* [SUPPLIED RECORDS]:
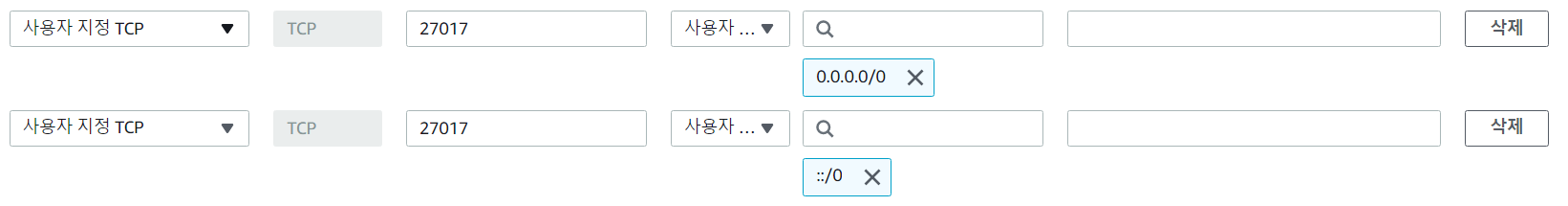 몽고db는 기본적으로 27017 포트를 사용하니 22번 ssh 포트 외에 27017포트를 anywhere로 열어두자.
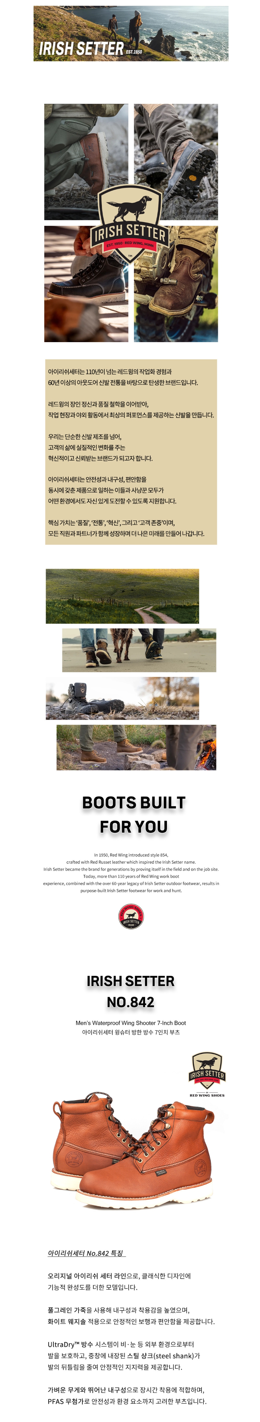 아이리쉬세터 7인치 방수 방한 부츠 842
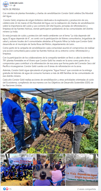 Con siembra de plantas forestales y charlas de sensibilización Condor Gold celebra Día Mundial del Agua
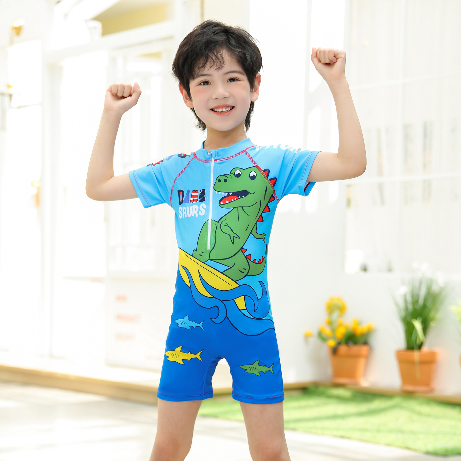 여름 소년 원피스 수영복 어린이 만화 공룡 중형 및 대형 어린이 수영복 소년 빠른 건조 어린이 아기 수영복
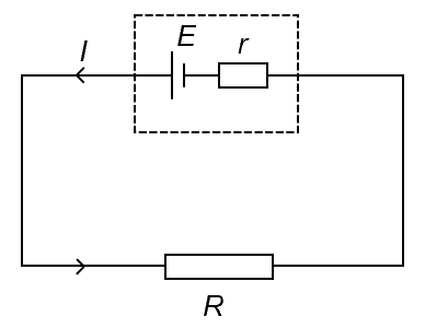 An external resistance R is powered by a battery of emf E.

* [YOUR GOAL]:
With the pictures left out, copy exactly the lines from the one containing "Con siembra de" through the last line of the data.

* [FINISHED EXERCISE]:
 Con siembra de plantas forestales y charlas de sensibilización Condor Gold celebra Día Mundial del Agua
 여름 소년 원피스 수영복 어린이 만화 공룡 중형 및 대형 어린이 수영복 소년 빠른 건조 어린이 아기 수영복
 An external resistance R is powered by a battery of emf E.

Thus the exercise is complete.